Plato has mattered to Western culture for 2,500 years. Most undergraduates encounter him through the dialogues about the death of Socrates, his banishment of the poets from his ideal republic, and his theories of human knowledge spun out of the famous allegory of the cave. This book by British scholar Hobbs rescues Plato from the ossified familiarities of Western Civ to argue that his relevance, today, lies in an understanding of political power, human heroism, and the value of love and friendship. She writes about the external, public Plato—not the philosopher of mind or the theorist of the Forms, but the adviser to rulers and the founder of a form of education. Dialogue is central to Platonic argument. History is central to the present. Plato’s Socrates is, as we all know, a literary persona—and yet there is a personality on Plato’s pages that makes the voice of the old man (who famously distrusted writing) echo today.

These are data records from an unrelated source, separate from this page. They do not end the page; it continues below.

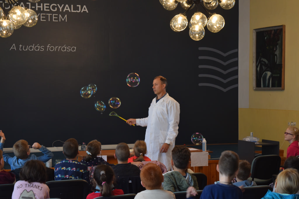 A legnagyobb érdeklődés a természettudományos kísérletek bemutatását kísérte, melyek az élettelen természet jelenségeit célozták meg fizikai és kémiai kölcsönhatások segítségével. Látványosságuk miatt minden érdeklődőnek maradandó élményt nyújtottak a legkisebbektől a legnagyobbakig. A kísérletek egy része az általános iskolai és középiskolai tananyaghoz kapcsolódott. Kiemelt figyelmet kaptak a környezeti elemek, illetve a környezet fenntarthatóságával kapcsolatos kérdések, jelenségek. A felhasznált anyagok közül sok a mindennapi háztartásban is előfordul, így ezek a kísérletek reprodukálhatók otthoni körülmények között, természetesen szülői felügyelettel! A kísérletezés nem csak a természettudományos ismeretek mélyebb megértését, elsajátítását eredményezheti, de a gyerek-szülő kapcsolatot is erősíti a közös élmények révén. A kísérletek másik része speciális kísérleti eszközöket igényelt, melyek nem minden iskolában találhatók meg. Az ezekre való első rácsodálkozás élménye is motiválhatja a tanulókat, résztvevőket a természettudományos tantárgyakra történő fokozottabb odafigyelésre. A kísérletek részben interaktívak voltak, vagyis a közönség köreiből kikerülő személyek segítségével történtek, ami közvetlenebbé tette az előadást, és a megérdemelt jutalmazás sem maradt el.
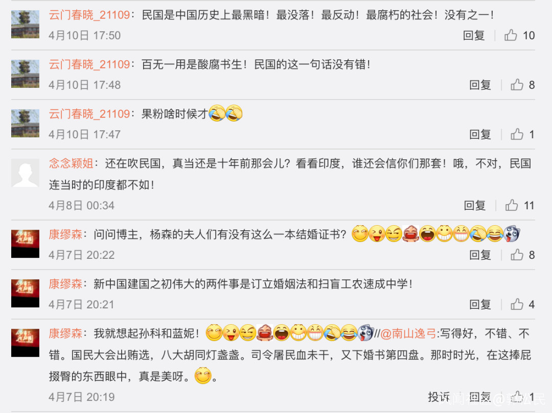 呵呵,又一個來捧民國臭腳的,那時候滿大街妓院有錢人娶小老婆,窮人家賣女兒,你們這些人不光眼瞎心也瞎,歷史也沒學,語文不及格拿着隻言片語就腦補那個吃人的舊時代的美好。
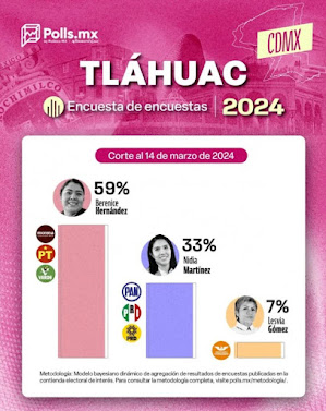 En Tláhuac, Berenice Hernández, candidata de Morena, lidera con un 59% de las preferencias, seguida por Nidia Martínez del PAN, PRI y PRD con un 33%, mientras que Lesvia Gómez del partido Emecista se sitúa en un 7%.
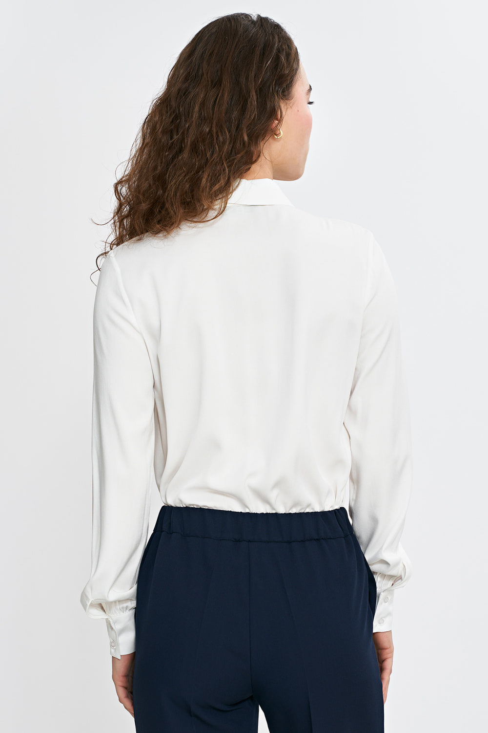 Elegante camisa de mujer de corte regular, confeccionada en viscosa ligera y agradable al tacto. El cuello clásico con un pañuelo cosido debajo le confiere un carácter sutilmente femenino y elegante. La manga larga con puño le da un toque formal. El cierre de botones en la parte delantera la hace cómoda y práctica. Ideal para la oficina, reuniones de negocios y salidas elegantes.
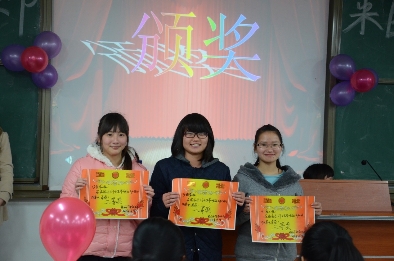 7点,会场如期举行了关爱女生,青春无限的女生节。此活动分为三个环节,第一个环节由财富班陈扬迎面向我们走来,深情款款地唱起《初次与你见面》,,激起无数女生们内心的涟漪。歌曲结束后,第二环节,是竞争激烈的班级logoPK,经激烈角逐,来自旅管班的设计最终获得第一名。在同学心情澎湃之际, “气球大爆炸”活动再次掀起全场热情。第三环节,旅管班沈雪婷唯美的演绎了《成全》。最后全场女生在便利贴写上心愿,为自己的愿望留下痕迹。一曲全场大合唱《我是女生》后,活动完美落下帷幕。
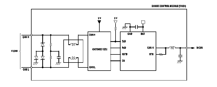 The body controller area network (B-CAN) and the fast controller area network (F-CAN) share information between multiple electronic control units (ECUs). B-CAN communication moves at a slower speed (33.33 kbps) for convenience related items and for other functions. F-CAN information moves at a faster speed (500 kbps) for "real time" functions such as fuel and emissions data. To allow both systems to share information, the gauge control module translates and relays the information from B-CAN to F-CAN and from F-CAN to B-CAN. This is called the Gateway Function.
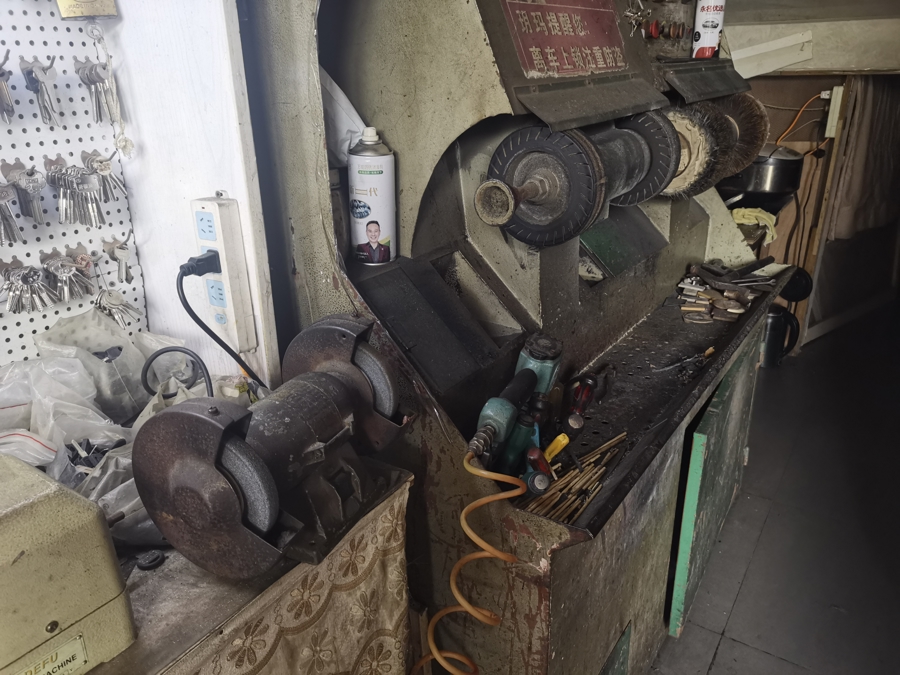 作为最早一批锁匠,陆万香在手艺传承中也见证了时代的变迁。“早年配钥匙全靠锉刀,需要手工一点点打磨。”他回忆道,“先裁剪一块铁皮,画好图样,再按齿痕深浅手工打磨,做一把钥匙要三四个小时。”如今,电动机械工具让配钥匙的效率极大提升,“一把钥匙也就几分钟,快的话只要十秒钟。”
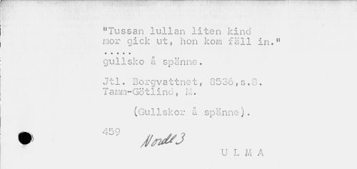 //// ... ... i .• ... //// :...•' . .V. //// "Tussan lullan liten kind mor gick ut? hon kom fäll in." //// « e • • c //// gulisko å spänne. //// Jtl. Borgvattnet? 8536?s.8. T a mm ~Gö 11 i n d ? iVi. //// (Gullskor å spänne). //// ^ 450 //// • - J/tJs3 //// U L M A ////

This book is frank about the loves of the Platonic world. Men loved other men. Desire lies at the heart of public service and heroic action. Learning to be a lover and a friend forms us into fully realized social beings. Perhaps the most vivid of the book’s claims for contemporary relevance is this: “One of the main ways in which Plato still matters, then, stems from his profound reflections on the concept of heroism and the associated notions of honour, glory and fame….The notion of a hero, and the longing for glory, can still have real potency and value: properly formed and guided, these concepts can enlarge our moral ambition and offer us a vision of what the best version of ourselves might be.” Read Plato, then, not just to think, but to live.

A fresh, frank reassessment of Plato as a guide to living our best public lives.